Reagents: YPD media (composed of 1% yeast extract , 2% tryptone and 2% glucose,extra 2% agar in solid) , 1ml Competent cell preparation buffer(800μl 50% PEG4000,100μl 1M DTT, 100μl 2M LiAc), SD solid media (depending on the labelled gene) , 10μl linear DNA fragments.
       1.First,We streak-cultivate K.marxianus on YPD solid media and incubate overnight in a 37°C incubator ;
       2.Use the inoculating needle to pick single colony from YPD plate and rinse the tip in 5ml YPD liquid media , cultivate overnight under the condition of 37°C and 230rpm;
       3.Pipette 500μl suspension culture and transfer into 5ml YPD medium , cultivate under the condition of 37°C and 230rpm until the exponential growth phase (about 5 hours);
       4.Centrifugate at 5000×g the culture for 1 minute , and then discard the supernatant . Add 500μl preparation buffer and use pipettes to blow and suck to resuspend yeast bodies;
       5.Centrifugate at 5000×g the culture for 1 minute and discard the supernatant . Add 100μl preparation buffer and resuspend yeast bodies;
       6.Add 10μl linear DNA fragments and 10μl Salmon sperm DNA(unnecessary) into the culture , vortex shake for 15 seconds ,and then 47°C heat shock for 15 minutes.
       7.Spread appropriate amount of culture on a selective plates , and cultivate it in a 37°C incubator for 2~3 days.
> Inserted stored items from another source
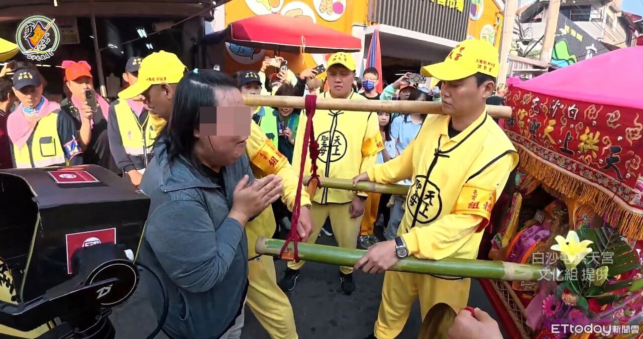 ▲林婦失蹤後,媳婦邱女13日向白沙屯媽祖鑾轎祈求早日找到婆婆,一度情緒激動落淚。(圖/翻攝白沙屯媽祖進香直播)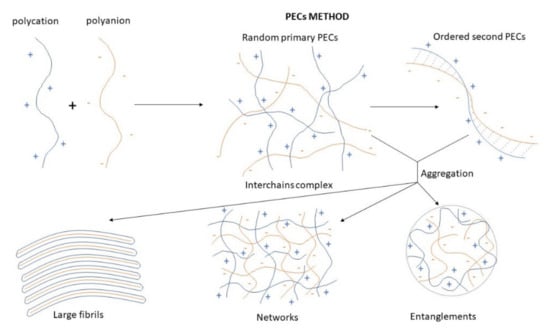 The PECs formation generally involves two or three steps. The scheme of the different steps of the polyelectrolyte complexes formation is shown in Figure 4. The first step is instantaneous and leads to the formation of a random primary complex with significant distortions of the configuration of polymer chains. Then, the secondary complex is formed by rearrangement of existing linkages within intracomplexes. It involves the formation of new bonds, e.g., electrostatic bonds, hydrogen bonds, hydrophobic interactions, etc. Finally, under certain conditions, primary and secondary complexes can aggregate (probably by hydrophobic interactions) and lead to various stable structures: entangled aggregates, fibrils, ordered networks, etc. Preparation of CS PECs is a safe green process in water, with no organic solvents nor chemical cross-linkers or surfactants used. It is a simple fabrication process where spontaneously mixing the oppositely charged polyelectrolyte solutions leads to interpolymer ionic condensation [].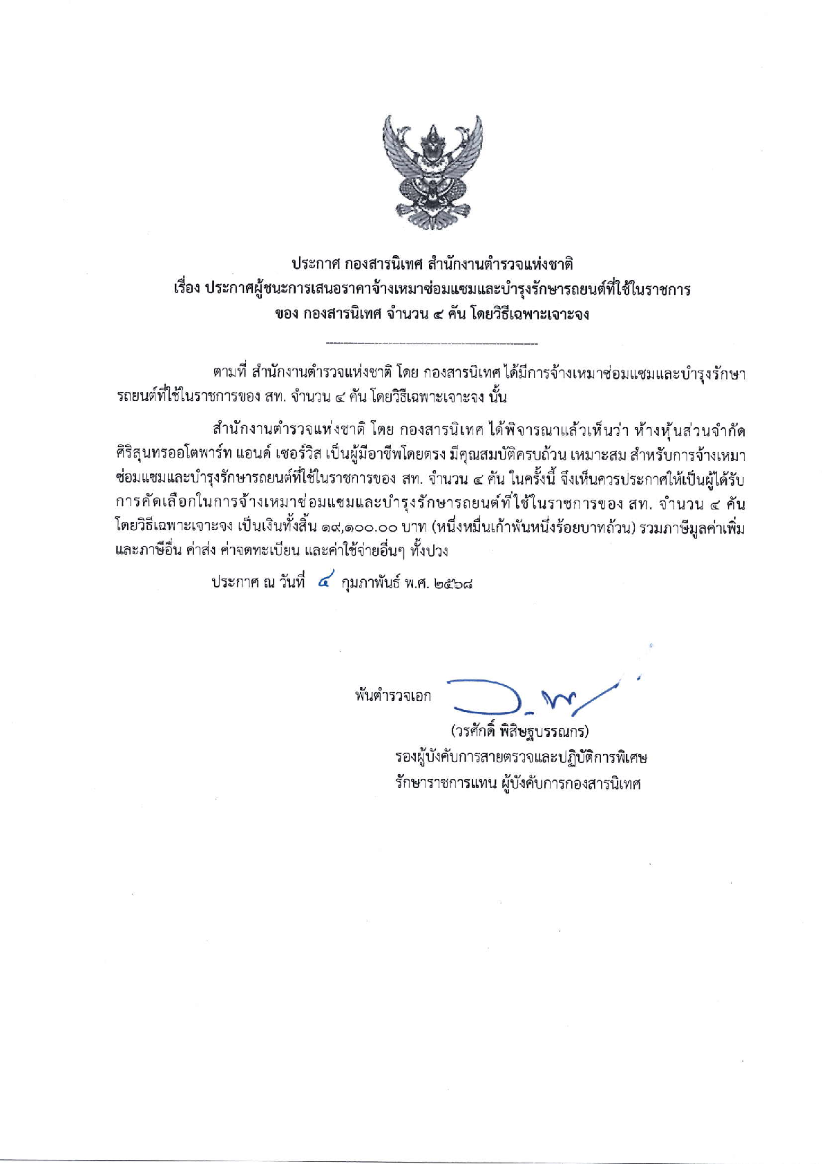 ประกาศ กองสารนิเทศ สำนักงานตำรวจแห่งชาติ เรื่อง ประกาศผู้ชนะการเสนอราคาจ้างเหมาซ่อมแซมและบำรุงรักษารถยนต์ที่ใช้ในราชการ ของ กองสารนิเทศ จำนวน 4 คัน โดยวิธีเฉพาะเจาะจง

       Reagents:YPL media (consists of 1% yeast extract , 2% tryptone and 10% lactose) , YPLG (consists of 1% yeast extract , 2% tryptone , 8% lactose and 2% glycerol).
       1.Cultivate strains in YPL (or YPLG) until OD600 reaches 5.0;
       2.Pipette 1ml culture and transfer into 4ml YPL (or YPLG) in a test tube , cultivate it under the condition of 37°C and 230 rpm;
       3.Every half a day sampling 0.8ml culture and store them at -4°C;
       4.After 3 days separate and detect the content of tagatose by high performance liquid chromatography.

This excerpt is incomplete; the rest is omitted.